Alle diese Indikatoren weisen zwei gemeinsame Merkmale auf: Das erste betrifft ein erhöhtes körperliches, soziales oder emotionales Prekarisierungsrisiko. Das zweite betrifft die Tatsache, dass die Indikatoren gleichzeitig Ursache oder Folge eines Suchtproblems sein können. So können berufliche Schwierigkeiten zu einem erhöhten Alkoholkonsum führen, woraus wiederum grössere berufliche Schwierigkeiten erwachsen können. Alle diese Indikatoren weisen darauf hin, dass so ein Teufelskreis entsteht und die Prekarität sich mit einem grösser werdenden Suchtproblem verschlimmert.

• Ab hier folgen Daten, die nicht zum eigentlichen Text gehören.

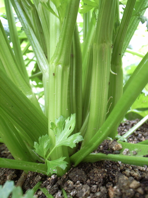 目覚ましいのはセロリですね。スーパーで見るいちばん小さい部類のものくらいには育っています。もっとも、店でこれを見たら「ミニセロリか?」と悪口いいそう(笑)。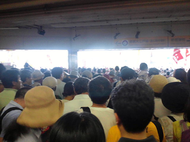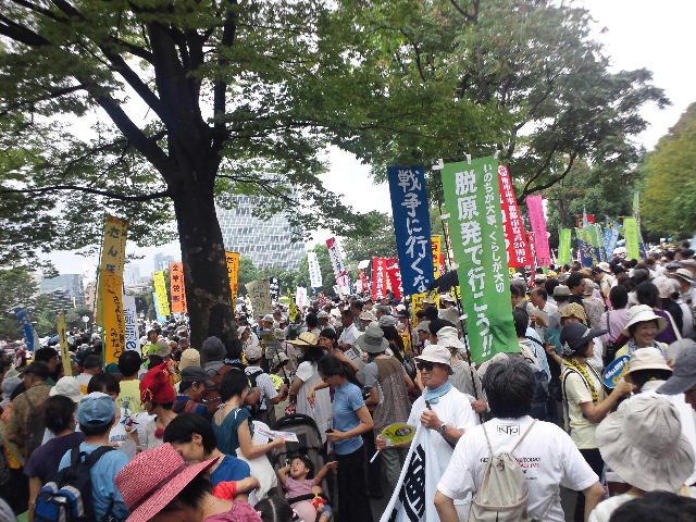 千駄ヶ谷駅に向かう各停電車内で見知らぬおばさんが、「この人たちみんなデモに行ったらすごいね。」と言っていた。 駅に着く。 プラットフォームはすし詰め。 階段もすし詰め。 改札は埋もれてどこにあるのか見えない。 駅を出るとそこらじゅうに市民団体や政党の上りが立ち、脱原発一色の看板がひしめく。 駅構内から外を見る 震災後6ヶ月に合わせ、5万人集めようという集会。あわせて1000万人署名も行われた。 http://sayonara-nukes.org/ 当日の主催者側の発表は6万人。 http://mainichi.jp/select/wadai/graph/20110919/ この日本にあって、とんでもないことだ。 スマフォカメラでは収まりきらず(- -; 参加者は女性が多い。 年齢的には親かもっと上。団塊世代が多い。 「昔は機動隊とやったよね~」と標準語イントネーションで度々聞く。 近畿以西は冷めている。隣の庭での出来事でしかない。 政党側にいたからわからなかったが、動画を見れば結構子供や同世代もいたようだ。 http://www.youtube.com/watch?v=TjLRe2-71NA |

Was sind die Haupterkenntnisse Ihrer Studie in Bezug auf die soziale Situation von Suchtbetroffenen?
Die Studie zeigt, dass diese Menschen prekärere Lebensumstände haben als die übrige Bevölkerung. Über alle untersuchten Suchtmittel und Verhalten hinweg betrachtet, sind bis 6-mal mehr Betroffene auf Arbeitssuche und bis 28-mal mehr auf Sozialhilfe oder die Invalidenversicherung angewiesen. Es gibt auch einen sehr hohen Anteil von Jugendlichen in Ausbildung, die zu den Risikogruppen der Cannabiskonsumentinnen und -konsumenten gehören, bei denen das Risiko besteht, dass sie bei andauerndem Konsum keine Ausbildung abschliessen. Der Anteil von Personen mit einer instabilen Wohnsituation (Anm. der Redaktion: Wohnen in institutionellen Wohnsettings, bei Angehörigen oder auf der Strasse) ist bei Personen mit einem Glücks- und Geldspielproblem und den Konsumenten von illegalen Suchtmitteln besonders hoch.
Wie hat sich die soziale Situation von Suchtbetroffenen entwickelt?
Die Entwicklung zwischen 2007 und 2017 ist alarmierend. So hat beispielsweise der Anteil von suchtmittel- oder spielsuchtgefährdeten Personen, die von der Sozialhilfe leben, deutlich zugenommen. Auch der Anteil der suchtmittel- und spielsuchtgefährdenten Personen ohne Schulabschluss hat sich erhöht, was dazu führt, dass es für sie schwierig ist, eine Ausbildung abzuschliessen und sich in den Arbeitsmarkt zu integrieren. Auch der Anteil von Personen mit immer wiederkehrenden Aufenthalten in stationären Einrichtungen (Pflegeeinrichtungen, Heime, Gefängnis) hat zugenommen, wodurch sich das selbstständige Wohnen erschwert. Schliesslich lässt sich auch eine langsame, aber stetige Zunahme von Menschen in sozialer Isolation beobachten. Angesichts dieser sich verschlechternden sozialen Situation sind korrigierende Massnahmen wichtig, um diesem Trend entgegenzuwirken.
Welche Entwicklungen erhoffen Sie sich von dieser Studie – z.B. in der Politik, für die Gesellschaft oder in der Entwicklung der Angebote für Suchtbetroffene?
Die Studie zeigt die kritische allgemeine Situation der Suchtbetroffenen. Sie leiden unter vielen körperlichen und psychischen Beeinträchtigungen und die Wiedereingliederungschancen sind gering. In einer immer stärker leistungsorientierten Gesellschaft, in der die Selbstwahrnehmung identitätsstiftend ist, sind Stigmatisierung, Prekarität, dauernde Niederlagen und Selbstabwertung sehr schwer zu ertragen. Angesichts der Entwicklung zwischen 2007 und 2017 sind die Perspektiven für die Betroffenen eher düster, wenn das allgemeine und politische Bewusstsein nicht besteht, dass die gesellschaftliche Teilhabe und Integration zentral sind bei der Suchtbekämpfung. Doch schon die Tatsache, dass das BAG diese Problematik thematisiert, ist ein positives Zeichen.